*Task goal*
Quote the whole listing exactly. Leave the pictures out of your copy.

*Material for this exercise*
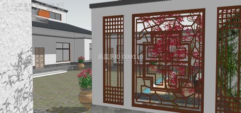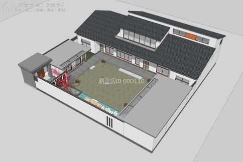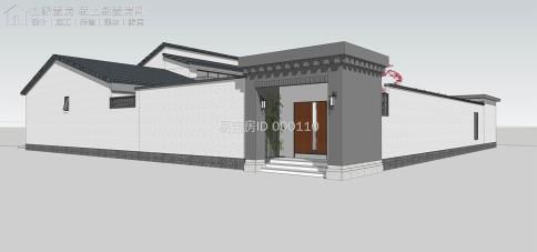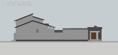總體建筑利用華夏的傳統(tǒng)四合院布局,除堂屋局部二層之外,其他的仍舊為一層雙坡頂,主通道采取新中式的解決手段,圍墻則是采取紅色墻體加青磚檐口,充足細節(jié);
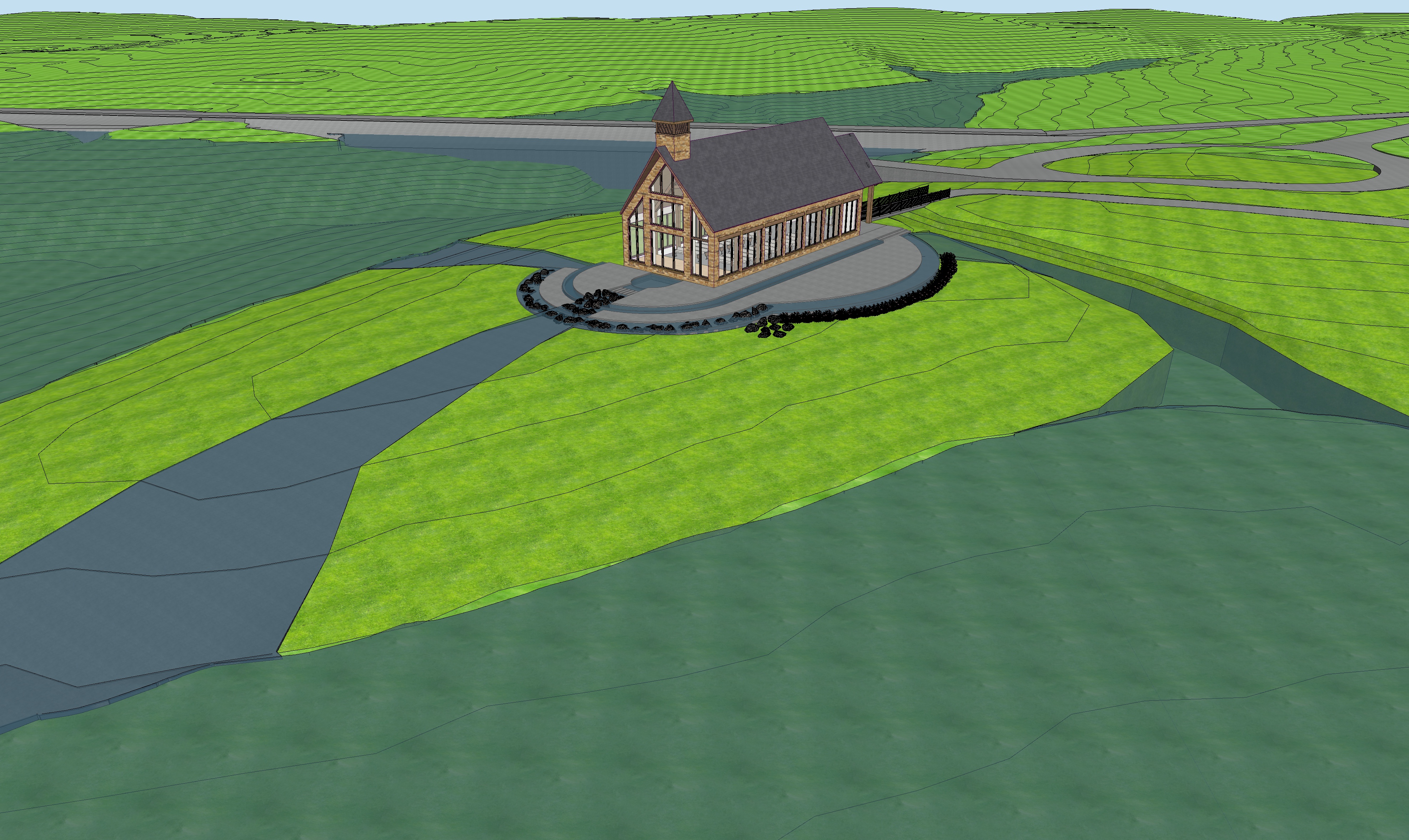 use rendering design this is a small chapel located in southern oklahoma on a lake the walls are oklahoma stone with patios around it in blue stone with waterfalls around the patios there is a small bridge on the back with wood handrail this is in a large wooded area add a few clouds on a sunny day
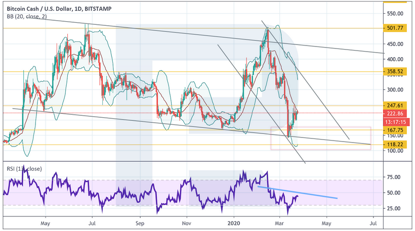 По Bitcoin Cash быкам удалось уйти на тест уровня сопротивления. На данный момент есть потенциал для формирования бычьей модели «Волна Вульфа» на дневном графике инструмента.
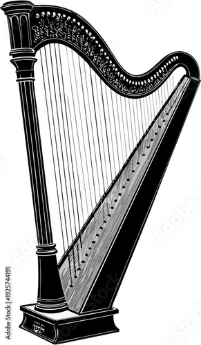 Obraz premium Black Harp Silhouette Classical String Instrument Vector
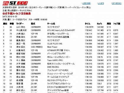 2010年9月25日(土) 全日本ロードレース選手権 第5戦 in 岡山国際サーキット(公式予選)
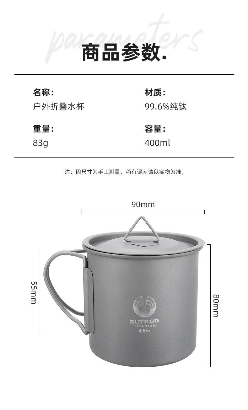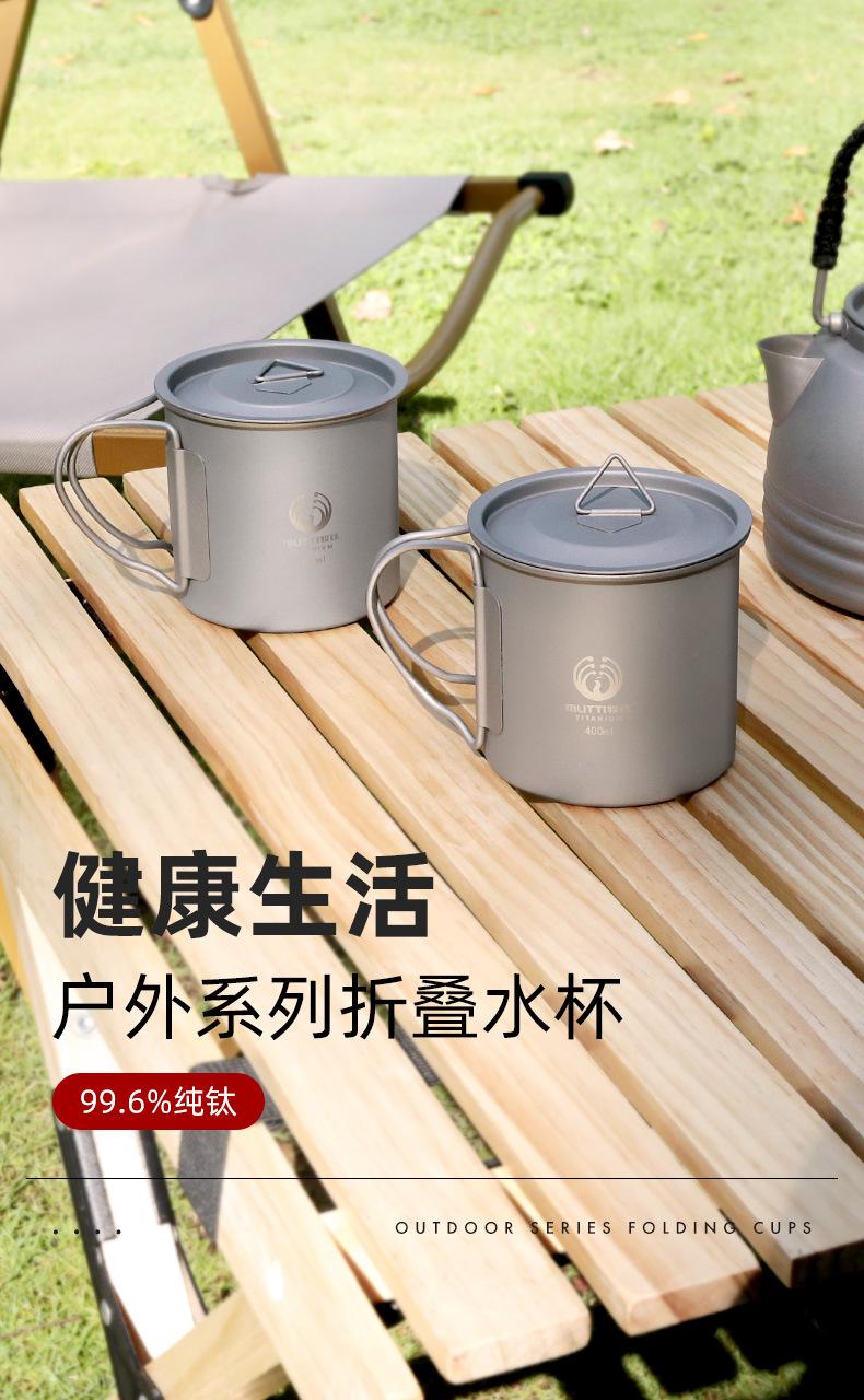 Taza de Titanio Puro con Tapa, Taza Plegable de Aleación de Titanio Total de Grado Alimenticio, Taza de Café, Vaso Portátil para Agua para Camping, Exterior
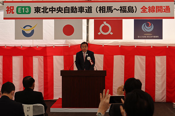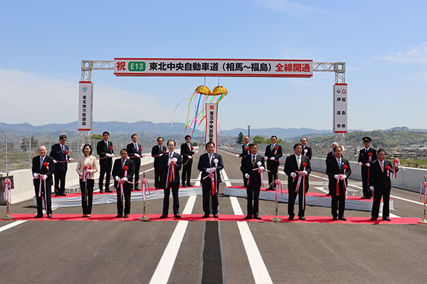 赤羽大臣は、挨拶のなかで、「東北中央自動車道(相馬~福島)の全線開通 により、悪天候や災害時においても寸断されない道路ネットワークが形成さ れ、所要時間も短縮されるほか、縦軸の東北自動車道、常磐自動車道と、横軸 の東北中央自動車道(相馬~福島)などの高速道路が繋がることにより、効率 的な交通経路の選択が可能となる。復興道路・復興支援道路について、残るは 三陸沿岸道路になるが、年内の全線開通に向け、国土交通省としてもしっかり 取り組むとともに、常磐自動車道の4車線化も加速してまいりたい」旨、述べ ました。
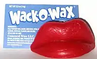 Wax lips are the common name of a confectionery item made of colored and flavored food-grade paraffin wax, molded to resemble a pair of oversized red lips.[1] The lips have a bite plate in the back; when the plate is held between the teeth, the wax lips cover the wearer's own lips, to comic effect. Their popularity among children can be attributed mainly to the comedy of wearing the lips. Although they were intended to be used as a chewing gum of sorts after the novelty of the joke wore off, the lips were often simply discarded rather than consumed.

*Response area*
總體建筑利用華夏的傳統(tǒng)四合院布局,除堂屋局部二層之外,其他的仍舊為一層雙坡頂,主通道采取新中式的解決手段,圍墻則是采取紅色墻體加青磚檐口,充足細節(jié);
 use rendering design this is a small chapel located in southern oklahoma on a lake the walls are oklahoma stone with patios around it in blue stone with waterfalls around the patios there is a small bridge on the back with wood handrail this is in a large wooded area add a few clouds on a sunny day
 По Bitcoin Cash быкам удалось уйти на тест уровня сопротивления. На данный момент есть потенциал для формирования бычьей модели «Волна Вульфа» на дневном графике инструмента.
 Obraz premium Black Harp Silhouette Classical String Instrument Vector
 2010年9月25日(土) 全日本ロードレース選手権 第5戦 in 岡山国際サーキット(公式予選)
 Taza de Titanio Puro con Tapa, Taza Plegable de Aleación de Titanio Total de Grado Alimenticio, Taza de Café, Vaso Portátil para Agua para Camping, Exterior
 赤羽大臣は、挨拶のなかで、「東北中央自動車道(相馬~福島)の全線開通 により、悪天候や災害時においても寸断されない道路ネットワークが形成さ れ、所要時間も短縮されるほか、縦軸の東北自動車道、常磐自動車道と、横軸 の東北中央自動車道(相馬~福島)などの高速道路が繋がることにより、効率 的な交通経路の選択が可能となる。復興道路・復興支援道路について、残るは 三陸沿岸道路になるが、年内の全線開通に向け、国土交通省としてもしっかり 取り組むとともに、常磐自動車道の4車線化も加速してまいりたい」旨、述べ ました。
 Wax lips are the common name of a confectionery item made of colored and flavored food-grade paraffin wax, molded to resemble a pair of oversized red lips.[1] The lips have a bite plate in the back; when the plate is held between the teeth, the wax lips cover the wearer's own lips, to comic effect. Their popularity among children can be attributed mainly to the comedy of wearing the lips. Although they were intended to be used as a chewing gum of sorts after the novelty of the joke wore off, the lips were often simply discarded rather than consumed.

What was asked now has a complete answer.